Fourth Quarter 2018 Financial Highlights vs. Same Year-Ago Quarter
- Sales increased 9 percent to $57.3 million.
- Gross margin increased 300 basis points to 35.6 percent.
- Net income was $3.5 million or 12 cents per share, compared to $6 million or 20 cents per share. The fourth quarter of 2017 included an income tax benefit of $6.1 million related to the implementation of the Tax Cuts and Jobs Act.
- Adjusted net income before non-cash items increased 27 percent to $5.9 million or 19 cents per share, compared to $4.6 million or 15 cents per share.
- Adjusted EBITDA increased 30 percent to $6.6 million and as a percentage of sales, adjusted EBITDA increased 190 basis points to 11.6 percent.
- Repurchased 101,833 shares of its common stock for approximately $1 million ($9.60 per share), bringing the total amount purchased during 2018 to 519,070 shares or $4.3 million ($8.31 per share).

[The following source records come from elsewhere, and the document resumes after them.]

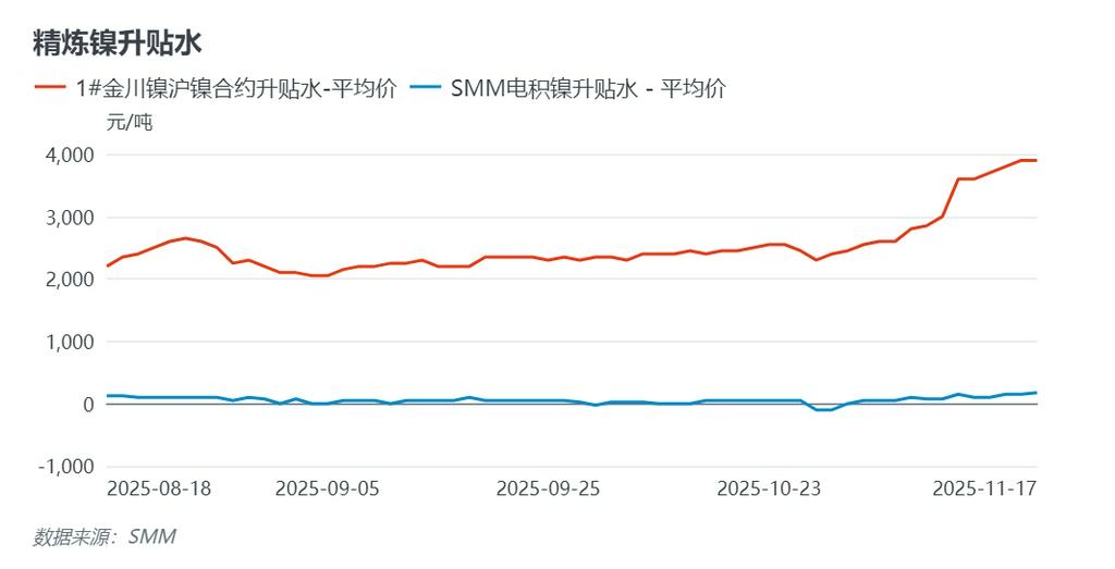 2.精炼镍供需方面,因部分企业转产硫酸镍,11月精炼镍产量存有较大减产预期,且当前生产企业与贸易商挺价意愿较为强烈,进入11月精炼镍升水明显走强,其中金川1#电解镍升水最高达4000元/吨,主流国产电积镍升水同样小幅走高。合金特钢及电镀企业对精炼镍的采购由前期刚下跌时的积极态度,转为镍价连续下跌后的观望态度,等待镍价出现明确底部空间后再进行按需备货。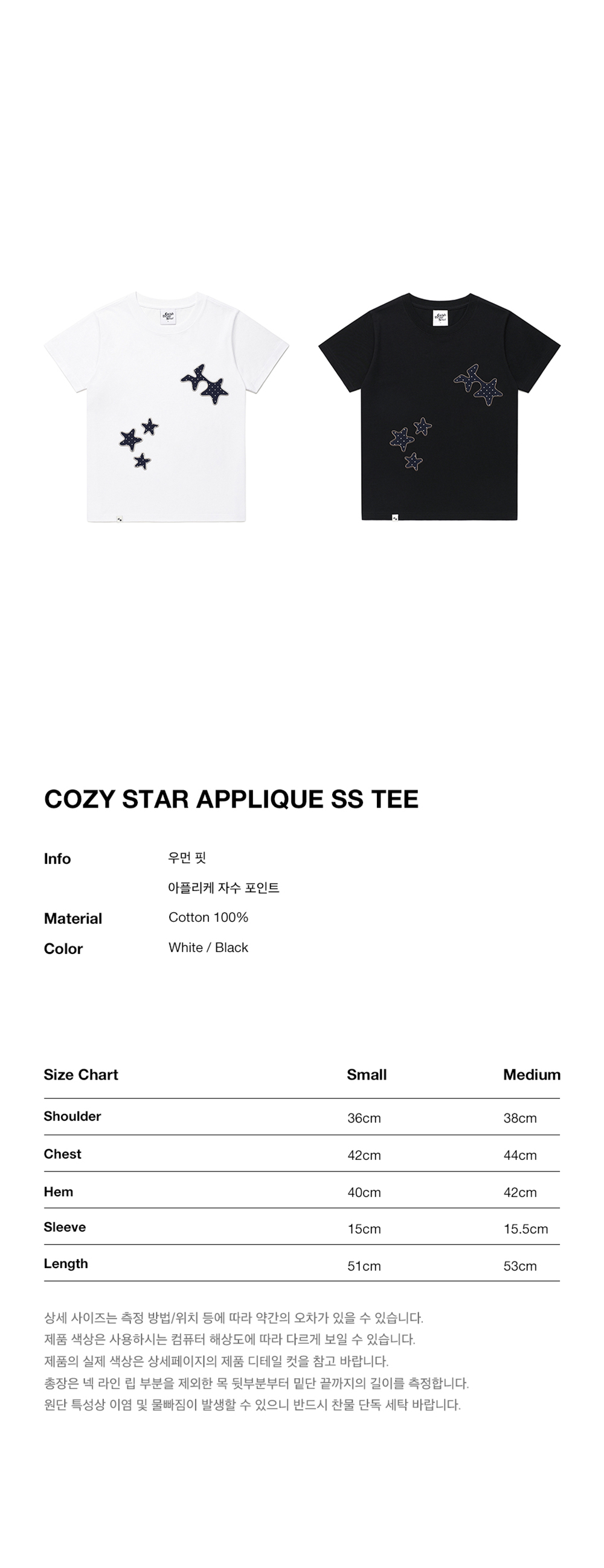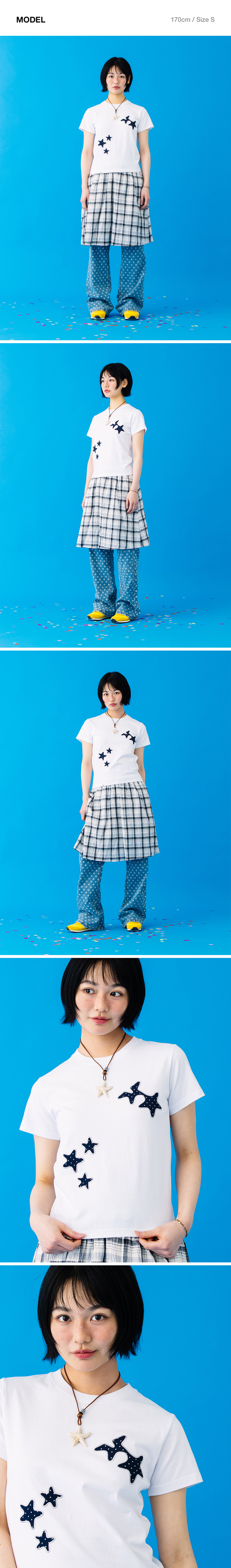 카비시 코지 스타 아플리케 숏슬리브 티셔츠 화이트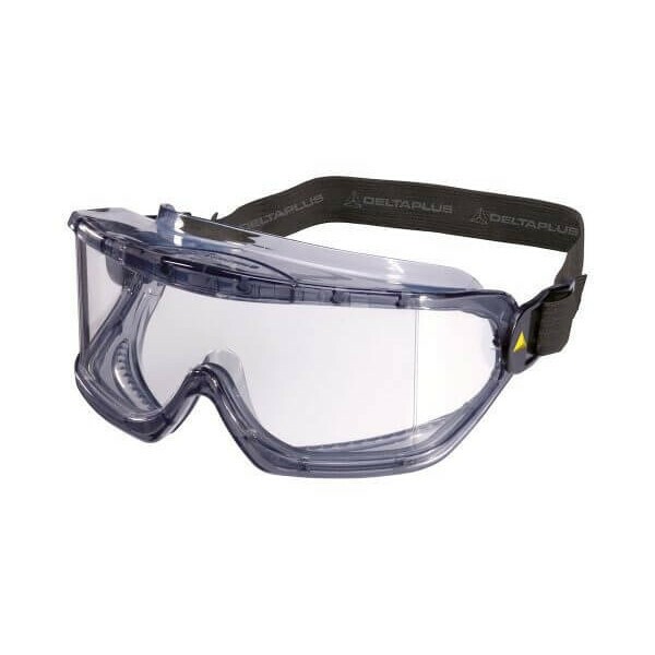 Óculos ampla visão em policarbonato. Proteção lateral, UV-400 (UVA e UVB), antirrisco, antiembaçante e antirreflexo. Armação flexível em PVC e Nylon com ventilação indireta. Adaptado para uso com óculos de grau e máscaras respiratórias descartáveis. Amplo elástico inclinável.
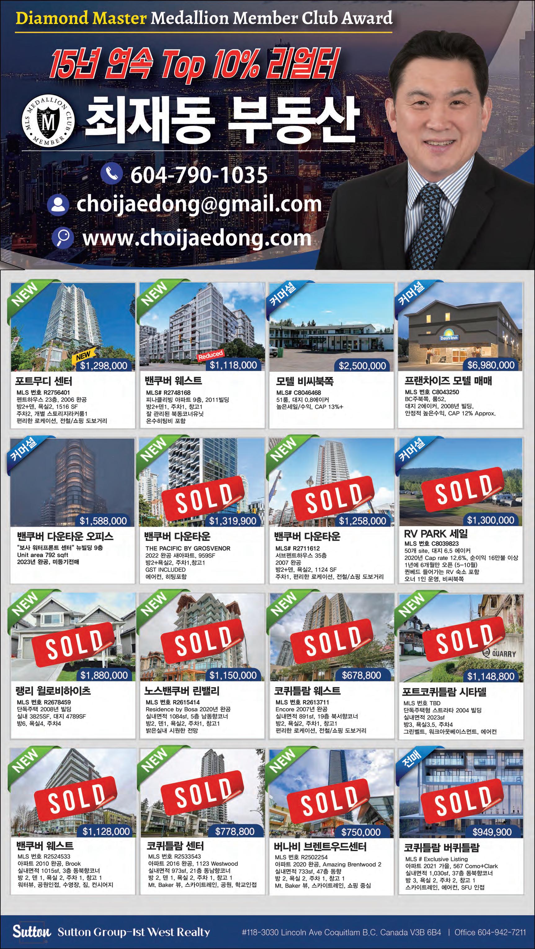 $100/월 16회 신문발행4회 &인터넷 e-중앙일보 (매주 화,수,금,토 발행) 지금 연락하십시오. 바로 내일 게재됩니 다. 중앙타운 & 홈페이지 업소록 광고문의 Tel. 604-544-5155 Ema .joinsmediacanada.com el: 604-544-5155/5150/5153 Email: ad@joongang.ca Printed on April 4th, 2023 부동산 매매 등기 / 공증서 / / 유언장 / 비지니스 매매 / / 양도위임장 / 계약서 / 진술서 604.416.0211 법률 공증사무소 최병하 법률공증사 헬스타운 비타민 쇼핑몰 OPEN gdvitamin.com 건강식품 3000여종 취급, 저렴한 가격, 한국택배까지 박보영 Bo Vancouver West 전문 [주택/아파트 “29년 경력의 전문가 22년 상담 604-319-6330 “올바른 학습방법, 기분좋은 학습결과” www.eliteprep.c a Junior Elite Prep Consulting 604.736.8922 생명보험/연금보험/교육적금 하다 현 AGATH A HA T. 6 04 -5 05 -7738 주택 융자 모기지 전문 부장 주택/자동차/비지니스/여행자 보험 외 한인종합보험(주 ) 유 용 규 Yong Yoo 604.803.9746 방정희 변호 사 604 559 147 0 파이오니아 법무법 인 꼼꼼한 법률서비 스 로 최선을 다하는 한인 1세 대 대표 로펌 주태근/앤디김 회계법인 회계/세무/감사/사업계획 및 상담 T. 604-936-5222 T. 60 4 . 93 6 . 777 7 #101-15375 102A Avenue. Surrey. BC victo rc ga@hotmail. com 식당/식품 가디언 한인약 국 Guardian HANIN PHARMACY #201-329 North Rd, Coquitlam 604.939.7880 코퀴틀람 한인빌리지내, 한아름마트 옆 #210-1175 Johnson St, Coquitlam BC V3B 7K1 T. 778 285 280 4 아씨마켓 코퀴틀람점이 있는 Jhon on과 G len 교차 몰 원장 임정환 / 원장 임신영 / 원장 김경 수 임플란트 · 교정 · 잇몸치 료 신경치료 · 사랑니 · 크라 운 코퀴틀람 센터 그린 치과 오약국 · 가정 의 밴쿠버 한인 오약국 T. 604-800-2250 604-939-831 1 #100-504 Cottonwood Ave Coquitla m 이글리지 밴쿠버 한인약국 T. 604-941-045 4 #201B-1194 L ansdowne Dr. Coquitla m 하나치과그 룹 김영복 원장 / 임신영 원장 / 김경수 원장 / 임정환 원장 www.hanin d ental. com 진료시간 : 월-금 9: 30 am~ 6pm 토 9 : 30 a m-4p m 버나비 한남슈퍼 3층 310 호 604-421-280 4 604.428.0551 김정화 치과 진료 시간 Mon-Fri 10:00am-7:00pm Sat 10:00am-4:00pm (목,일,공휴일 휴진) 103-4501 North Rd. Burnaby BC V3N 4R happysmiledental7@gmail.com 웨스트캔 이민컨설팅 공인이민컨설턴트 최 주 찬 WestCan Immigration Consulting T: 604-461-0100 www.westcanimm.com #304-566 Lougheed Hwy. Coquitlam BC 최고 딜러 기술력 진정 여러분이 찾던 정비 shop Pick up & Delivery Service ▶엔진튠업 ▶쇼바 및 서스펜션 ▶마후라 수리 및 교환 ▶컴퓨터 및 각종 전기장치 ▶각종 오일 및 필터 교환 ▶엔진/밋숀 교환 및 수리 ▶브레이크 수리 및 교환 ▶타이어 교환 및 휠 밸런스 ▶에어컨 및 히터 604-430-8040 5757 Be ford St. Bu by 604.461.4043 604.461.4040 한국어 서비스 English Service 2902 St.Johns Street, Port Moody, BC V3H 2C3 차량 수리기간 중 무료 대차 90% 이상이 고정 고객인 회사 권원 식 부동산 T.604-306-6750 bkwonrealtor@gmail.com BRUCE KWON PREC 30년 오랜 경험의 전문 리얼터 레스토랑 전문, 맞춤형 부동산 비지니스 / 투자건물 / LEASE / 경매물건 남승오 부동산 C harl es Nam P REC* 604.710.3897 집매매 콘도매매 부동산 투자 신규분양 미국 캐나다 상법 변호 사 상법 및 부동산법 / 각종 법인 관련 업무 T. 604.433.0787 ALL POINTS REALTY 위니박 부동산 winniepak@remax.net www.winniepark.net 604.813.800 0 김영선 부동산 778.241.5555 밴쿠버 최고의 부동산 전문가 www.youngsunkim.com 건강식품/의료기 교육 학원/학교 금융 보험/은행 법률 회계사/공증/공인번역 버나비 에드먼즈 2호점 T. 604-468-2432 의료 이민/유학 자동차 부동산 가구/건축/인스팩션 Registered Clinical Counsellor, MA, MEd Tel. 778-887-7275 연우심리 상담소 延 友 심리치료 / 놀이치료 / 심리검사 / 부부상담 / 가족상담 604-492-2875 #525-329 North Rd, Coquitlam, BC Tel. 604-992-2580 모 기 지 전 문 가 이경은 광고문의: 604-544-5155 82-2-549-5993 해외투자이민 전문기업 클럽이민과 상담하세요 모기지 실적 1위 604.319.8080 도승준

The Company maintains a $30 million share repurchase program, which still has approximately $13.5 million available.
Full Year 2018 Financial Highlights vs. 2017
- Sales increased 24 percent to $212.1 million.
- Gross margin increased 340 basis points to 34.9 percent.
- Net income was $7.3 million or 24 cents per share, compared to $(0.7) million or (2) cents per share. Net loss in 2017 included the aforementioned income tax benefit of $6.1 million.
- Adjusted net income before non-cash items increased significantly to $19.3 million or 64 cents per share, compared to $4.7 million or 16 cents per share.
- Adjusted EBITDA increased significantly to $20.8 million, compared to $6.1 million, and as a percentage of sales, adjusted EBITDA increased 630 basis points to 9.8 percent.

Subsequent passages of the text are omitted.